You asked me to address the question, Are skyrocketing fuel costs the result of price fixing in the oil business? DOJ is on the watch for possible collusion, especially as prices have climbed so much following the Gulf Coast hurricanes. Collusion is one possible explanation for increased fuel prices, but the more plausible explanations are worldwide crude prices and refining capacity shortages. Price fixing is one of the categories of antitrust violation that are so plainly anticompetitive that DOJ prosecutes the conduct criminally. Both civil fines and jail time are available to punish price fixing. If DOJ were to develop evidence of price fixing by gasoline or jet fuel suppliers, we would pursue that conduct vigorously to bring criminal charges.
You also asked me to discuss the problem of airport congestion. As you know, a handful of U.S. airports have been so congested that slot controls have been put in place. These rights were originally allocated to incumbent carriers based on existing service, and the airlines present at the creation of the slot system now hold shares of the slots that may be disproportionate to the share of traffic they would have absent slot control.
How should the government address the congestion problem and the best allocation of slots? At the extremes, the suggestions are to build more runways or remove all slot controls and let the airlines work it out with their passengers. Less radically, the DOJ has recommended developing a market-based solution. Try, for example, annually reallocating some fraction of the slots, which would be surrendered by the current slot holders and acquired in an auction to the highest bidders.
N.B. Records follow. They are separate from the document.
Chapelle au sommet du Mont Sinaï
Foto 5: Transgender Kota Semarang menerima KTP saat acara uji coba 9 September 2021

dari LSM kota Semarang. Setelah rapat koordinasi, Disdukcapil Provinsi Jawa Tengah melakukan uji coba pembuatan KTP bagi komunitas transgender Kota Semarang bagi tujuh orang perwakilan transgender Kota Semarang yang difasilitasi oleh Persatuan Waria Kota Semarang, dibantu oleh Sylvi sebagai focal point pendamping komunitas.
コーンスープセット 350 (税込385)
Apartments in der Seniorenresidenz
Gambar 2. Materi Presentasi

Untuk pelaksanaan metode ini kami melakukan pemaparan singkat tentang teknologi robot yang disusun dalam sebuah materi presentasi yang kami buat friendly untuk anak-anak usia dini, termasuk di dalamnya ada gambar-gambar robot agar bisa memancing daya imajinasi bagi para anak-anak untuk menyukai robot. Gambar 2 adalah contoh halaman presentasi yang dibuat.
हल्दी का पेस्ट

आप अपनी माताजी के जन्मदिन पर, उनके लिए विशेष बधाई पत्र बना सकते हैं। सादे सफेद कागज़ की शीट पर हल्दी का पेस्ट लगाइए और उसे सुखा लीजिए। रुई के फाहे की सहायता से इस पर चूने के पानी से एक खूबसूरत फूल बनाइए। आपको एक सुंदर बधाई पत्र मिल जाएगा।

This would help ensure that slots are put into the hands of the carriers that can put them to the most valuable use. If enough slots are reallocated at once, an auction creates the possibility that a regional carrier or a group of them could acquire enough slots to challenge large carriers on a particular route or in a regional network.
Peak period pricing is another system that uses economic incentives to encourage more efficient use of takeoff and landing rights.
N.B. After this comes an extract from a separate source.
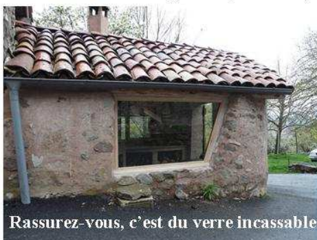
Rassurez-vous, c'est du verre incassable

The best solution may differ among airports. The DOJ Antitrust Division plans to continue working on this problem with DOT and FAA, which are open to considering market-based solutions.
You in the airline business live in interesting times, in the language of the Chinese curse. In addition to the issues we have discussed today, you are faced with the challenges of more direct competition against the major carriers, increased security requirements, the difficulties of operating a regional fleet (and regional jets) efficiently as costs increase, proposed government funding and legislative changes (like repeal of the Wright Amendment), and the possibility of more foreign investment in U.S. airlines.
I am confident there will always be role for regional airlines, low cost entrepreneurs without which many of us would be stuck on the ground.